What is expected -> Retype all of the lines below with no changes.

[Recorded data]
--

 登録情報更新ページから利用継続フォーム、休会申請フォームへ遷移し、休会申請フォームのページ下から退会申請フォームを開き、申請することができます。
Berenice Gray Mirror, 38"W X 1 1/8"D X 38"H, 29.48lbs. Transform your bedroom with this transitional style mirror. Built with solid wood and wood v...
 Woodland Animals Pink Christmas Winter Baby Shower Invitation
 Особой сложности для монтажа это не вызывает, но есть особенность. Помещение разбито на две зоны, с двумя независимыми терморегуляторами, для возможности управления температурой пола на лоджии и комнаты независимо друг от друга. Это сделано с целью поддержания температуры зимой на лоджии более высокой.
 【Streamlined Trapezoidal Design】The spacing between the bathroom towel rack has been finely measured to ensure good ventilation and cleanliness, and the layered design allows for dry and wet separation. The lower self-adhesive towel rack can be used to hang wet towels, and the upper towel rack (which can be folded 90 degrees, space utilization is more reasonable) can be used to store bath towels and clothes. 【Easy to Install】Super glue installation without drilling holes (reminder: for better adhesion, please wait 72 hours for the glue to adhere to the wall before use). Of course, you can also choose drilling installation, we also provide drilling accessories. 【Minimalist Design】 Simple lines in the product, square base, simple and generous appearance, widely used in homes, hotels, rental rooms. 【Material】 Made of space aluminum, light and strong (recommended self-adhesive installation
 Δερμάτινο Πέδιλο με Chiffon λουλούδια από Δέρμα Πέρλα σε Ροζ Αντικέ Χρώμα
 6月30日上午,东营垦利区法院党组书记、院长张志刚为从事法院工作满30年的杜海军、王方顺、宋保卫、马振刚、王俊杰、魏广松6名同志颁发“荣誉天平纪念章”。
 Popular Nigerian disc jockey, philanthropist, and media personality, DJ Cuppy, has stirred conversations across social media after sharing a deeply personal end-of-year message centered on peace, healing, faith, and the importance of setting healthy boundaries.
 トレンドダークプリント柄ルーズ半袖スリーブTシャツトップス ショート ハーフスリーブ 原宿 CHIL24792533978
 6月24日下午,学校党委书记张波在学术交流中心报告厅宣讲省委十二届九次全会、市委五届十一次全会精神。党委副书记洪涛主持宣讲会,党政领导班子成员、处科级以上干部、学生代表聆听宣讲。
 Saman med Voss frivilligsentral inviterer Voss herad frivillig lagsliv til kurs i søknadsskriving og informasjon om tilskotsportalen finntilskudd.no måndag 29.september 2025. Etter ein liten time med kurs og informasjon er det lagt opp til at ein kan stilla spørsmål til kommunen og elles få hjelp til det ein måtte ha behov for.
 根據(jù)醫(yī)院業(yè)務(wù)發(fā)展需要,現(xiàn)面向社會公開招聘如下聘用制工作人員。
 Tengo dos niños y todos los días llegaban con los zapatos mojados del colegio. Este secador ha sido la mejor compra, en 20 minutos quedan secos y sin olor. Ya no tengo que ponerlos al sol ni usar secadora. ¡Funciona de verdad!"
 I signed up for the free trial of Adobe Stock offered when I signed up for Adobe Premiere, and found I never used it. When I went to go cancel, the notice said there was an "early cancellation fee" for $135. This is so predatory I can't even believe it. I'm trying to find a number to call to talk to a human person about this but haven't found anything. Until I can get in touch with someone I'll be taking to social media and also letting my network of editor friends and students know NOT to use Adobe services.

--

Finished exercise ->
 登録情報更新ページから利用継続フォーム、休会申請フォームへ遷移し、休会申請フォームのページ下から退会申請フォームを開き、申請することができます。
Berenice Gray Mirror, 38"W X 1 1/8"D X 38"H, 29.48lbs. Transform your bedroom with this transitional style mirror. Built with solid wood and wood v...
 Woodland Animals Pink Christmas Winter Baby Shower Invitation
 Особой сложности для монтажа это не вызывает, но есть особенность. Помещение разбито на две зоны, с двумя независимыми терморегуляторами, для возможности управления температурой пола на лоджии и комнаты независимо друг от друга. Это сделано с целью поддержания температуры зимой на лоджии более высокой.
 【Streamlined Trapezoidal Design】The spacing between the bathroom towel rack has been finely measured to ensure good ventilation and cleanliness, and the layered design allows for dry and wet separation. The lower self-adhesive towel rack can be used to hang wet towels, and the upper towel rack (which can be folded 90 degrees, space utilization is more reasonable) can be used to store bath towels and clothes. 【Easy to Install】Super glue installation without drilling holes (reminder: for better adhesion, please wait 72 hours for the glue to adhere to the wall before use). Of course, you can also choose drilling installation, we also provide drilling accessories. 【Minimalist Design】 Simple lines in the product, square base, simple and generous appearance, widely used in homes, hotels, rental rooms. 【Material】 Made of space aluminum, light and strong (recommended self-adhesive installation
 Δερμάτινο Πέδιλο με Chiffon λουλούδια από Δέρμα Πέρλα σε Ροζ Αντικέ Χρώμα
 6月30日上午,东营垦利区法院党组书记、院长张志刚为从事法院工作满30年的杜海军、王方顺、宋保卫、马振刚、王俊杰、魏广松6名同志颁发“荣誉天平纪念章”。
 Popular Nigerian disc jockey, philanthropist, and media personality, DJ Cuppy, has stirred conversations across social media after sharing a deeply personal end-of-year message centered on peace, healing, faith, and the importance of setting healthy boundaries.
 トレンドダークプリント柄ルーズ半袖スリーブTシャツトップス ショート ハーフスリーブ 原宿 CHIL24792533978
 6月24日下午,学校党委书记张波在学术交流中心报告厅宣讲省委十二届九次全会、市委五届十一次全会精神。党委副书记洪涛主持宣讲会,党政领导班子成员、处科级以上干部、学生代表聆听宣讲。
 Saman med Voss frivilligsentral inviterer Voss herad frivillig lagsliv til kurs i søknadsskriving og informasjon om tilskotsportalen finntilskudd.no måndag 29.september 2025. Etter ein liten time med kurs og informasjon er det lagt opp til at ein kan stilla spørsmål til kommunen og elles få hjelp til det ein måtte ha behov for.
 根據(jù)醫(yī)院業(yè)務(wù)發(fā)展需要,現(xiàn)面向社會公開招聘如下聘用制工作人員。
 Tengo dos niños y todos los días llegaban con los zapatos mojados del colegio. Este secador ha sido la mejor compra, en 20 minutos quedan secos y sin olor. Ya no tengo que ponerlos al sol ni usar secadora. ¡Funciona de verdad!"
 I signed up for the free trial of Adobe Stock offered when I signed up for Adobe Premiere, and found I never used it. When I went to go cancel, the notice said there was an "early cancellation fee" for $135. This is so predatory I can't even believe it. I'm trying to find a number to call to talk to a human person about this but haven't found anything. Until I can get in touch with someone I'll be taking to social media and also letting my network of editor friends and students know NOT to use Adobe services.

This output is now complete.